От Петровского завода до станицы Шарагольской, где жил Афанасий Фирсович Размахнин, Таров добрался на попутных подводах. Станица Шарагольская вольно раскинулась на отлогом берегу Чикоя на узкой полосе степи, защищенной Малханским хребтом от северных ветров.

На скамейке возле дома, срубленного из толстенных бревен, сидел дряхлый дед, как выяснилось, отец Размахнина. Поздоровались.

— Отколь пожаловал? По какому делу? — допрашивал дед, приложив ладонь к уху. — Афоня-то? На покосе, должен приехать...

— Сколько же вам годов, дедушка?

— Не знаю, не знаю, сынок. До сотни считал, бросил... Глухой, слепой, ноги будто деревяшки. Худа старость, а все равно охота дольше пожить...

Размахнин приехал поздно. Распряг лошадь, вошел в дом, перекрестился.

— Гляжу, добрый человек сыскался, за стариком приглядел. Издалека будете? — спросил Размахнин, осматривая гостя колючими глазками.

— Капитан Таров. С поручением от атамана, — отрекомендовался Ермак Дионисович, убедившись, что перед ним тот человек, который ему нужен.

— Нонче атаманы вроде бы не в почете, — проговорил Размахнин, не отводя настороженного взгляда.

Ермак Дионисович назвал пароль для связи. Хозяин засуетился: ополоснул руки, стал собирать на стол.

— Выходит, помнит о нас батюшка-атаман, — сказал Размахнин. — Не откажитесь откушать, ваше благородие. Чем богаты...

— Не бедно по нынешним временам.

— Перебиваемся: где правдой, где кривдой... Оттуда-то давно? — как бы невзначай спросил Размахнин, поглаживая мясистый подбородок, обросший клочьями седеющей щетины.

— С неделю, однако.

— Скоро ли дождемся подмоги от его превосходительства?

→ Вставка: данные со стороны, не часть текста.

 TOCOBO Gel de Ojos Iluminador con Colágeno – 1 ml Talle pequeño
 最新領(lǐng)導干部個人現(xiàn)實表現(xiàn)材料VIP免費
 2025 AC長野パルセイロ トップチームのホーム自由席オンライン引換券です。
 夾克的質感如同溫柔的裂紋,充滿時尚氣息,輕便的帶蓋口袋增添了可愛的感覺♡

— Бьется атаман, как рыба об лед. Время трудное, — уклончиво ответил Таров. — Западные страны начали торговать с Советами, выгоду учуяли...

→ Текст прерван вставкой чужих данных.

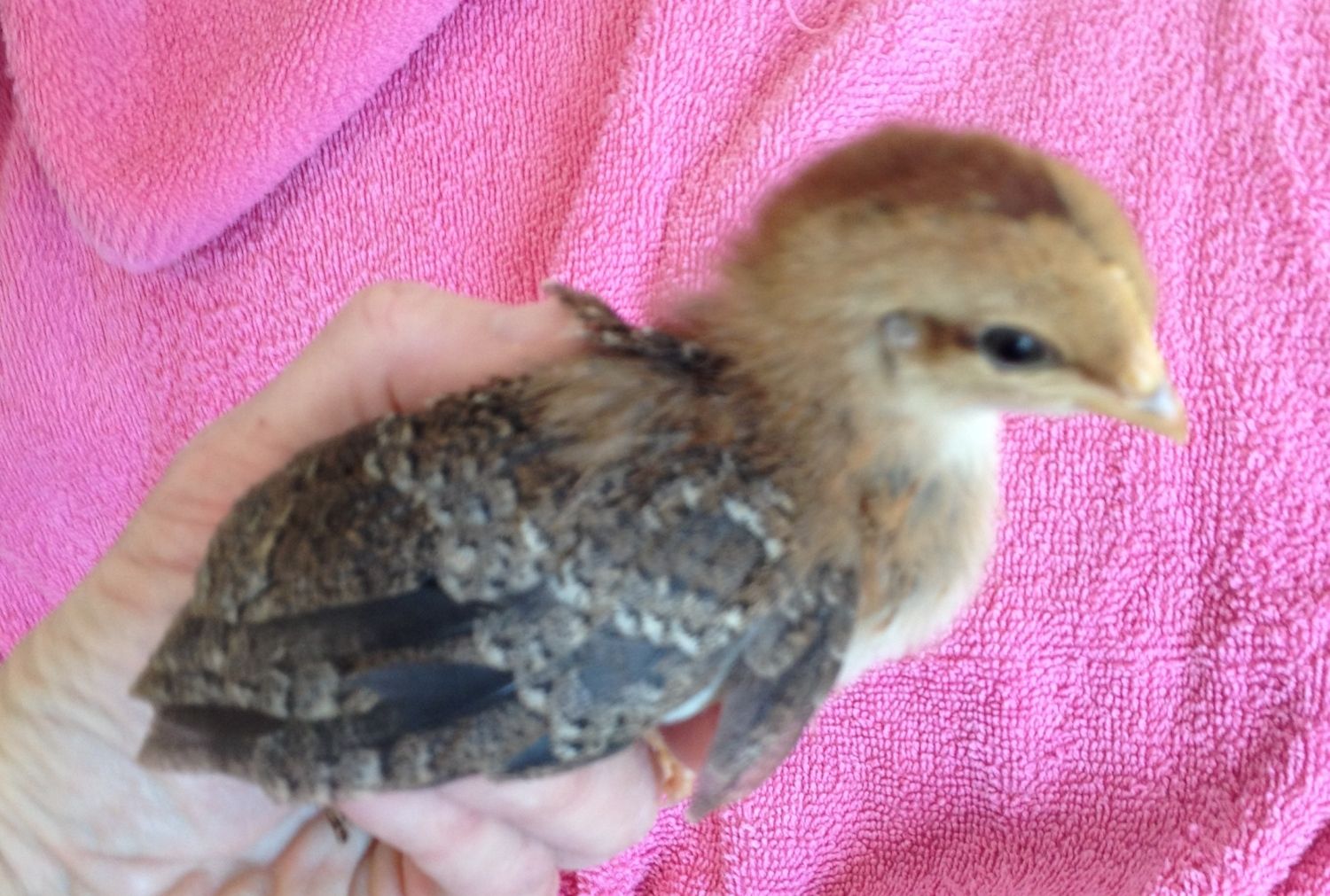 About 22 weeks old and just laid her first egg. Super flighty birds. Why don't the like me?!?
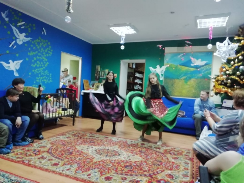 На фото: Наши друзья и волонтеры, которым мы бесконечно благодарны! Волонтеры все ученики школы № 9. Они выступили в Доме Милосердия с веселым новогодним концертом и подарили подарочки детишкам!!!!
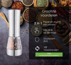 MD-Goods ® Elektrische Peper En Zoutmolen Set – Pepermolen – RVS – Cadeau – Restaurant Kwaliteit
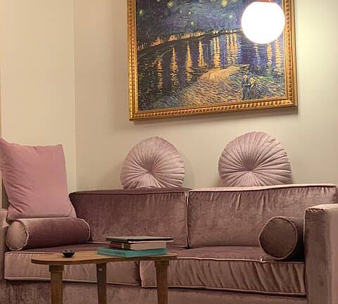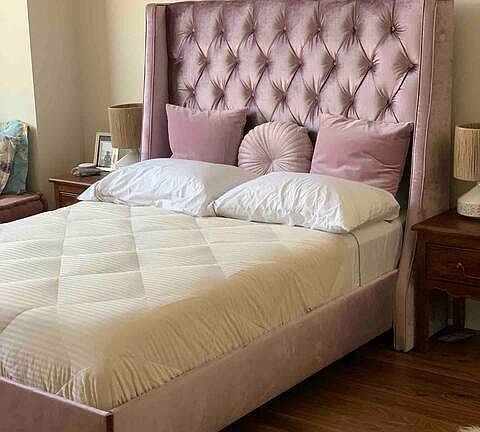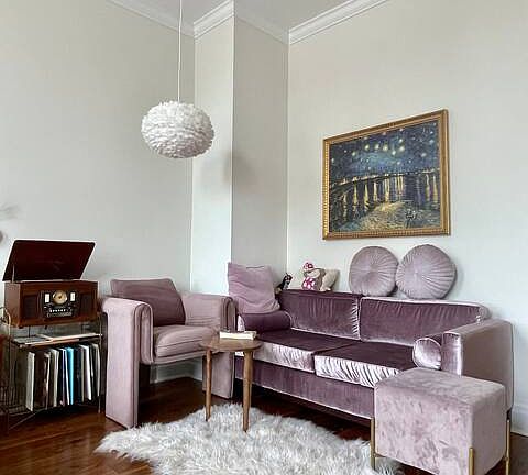 Homy atmosphere and sleek transitional design: Hollywood glam style bathroom, velvet bed & sofa, retro giant working/gallery space, a comfy day bed, just to name a few gems.

— А японцы как? Нонче они поближе к нам продвинулись.

— Они-то не отказываются. Японский начальник подполковник Тосихидэ прямо сказал мне: Япония приняла на себя почетную задачу — искоренить коммунизм во всей Азии. Заверил: по первому нашему сигналу помогут людьми, оружием, боеприпасами. Его превосходительство тоже готовит силы на этот случай. Как тут дела?

— По душе признаться, нечем похвастаться. Попервости вроде бы многие соглашались, особенно когда в колхозы насильно тащили да скот на обчий двор сгоняли. А как добровольность ввели, засумлевались...

— Но вы-то что-нибудь делали? Или перепугались насмерть? — Таров догадывался, что Размахнин и его сообщники не сидели сложа руки.

— Делали, как не делали. Когда скотинушку на колхозный двор загоняли, мы повели агитацию за то, чтобы распродать животину. Деньги, мол, не портятся и жрать не просят. Ну, чего еще было? Председателя Совета еще ухайдакали, царство ему небесное...

— Одного убрали — другого назначили. Верно? Могли ухватиться за ниточку, а она привела бы к вам...

— Ничо, не дознались. И милиция приезжала, и гэпэу — пронесло.

— Хорошо, что не дознались. В будущем все же не допускайте этого.

— Да ведь когда вода закипит, ее не удержишь.

— Посудину приоткройте, жар поубавьте.

— Что-то морочно говорите, не шибко понимаю...

— Чего же тут понимать? Надо копить силы для большого удара, а вы жалите, как осы: послюнявил укушенное место — и боль прошла. Афанасий Фирсович, в каких частях вы служили у атамана? — спросил Таров, наполняя рюмки пшеничной водкой.

— Должность у меня была суровая. Даже вам боюсь признаться. — Размахнин выпил, похрустел соленым огурцом и продолжал: — В читинской гостинице «Селект», в подвале, с большевиков допросы снимали. Может, слыхали?

Ермак Дионисович знал, что Семеновым было организовано одиннадцать постоянно действующих застенков: в гостинице «Селект», в доме Бадмаева на Уссурийской улице, в доме Барда по Аргунской, в Нерчинске, Даурии и в селах. В них замучены сотни честных людей.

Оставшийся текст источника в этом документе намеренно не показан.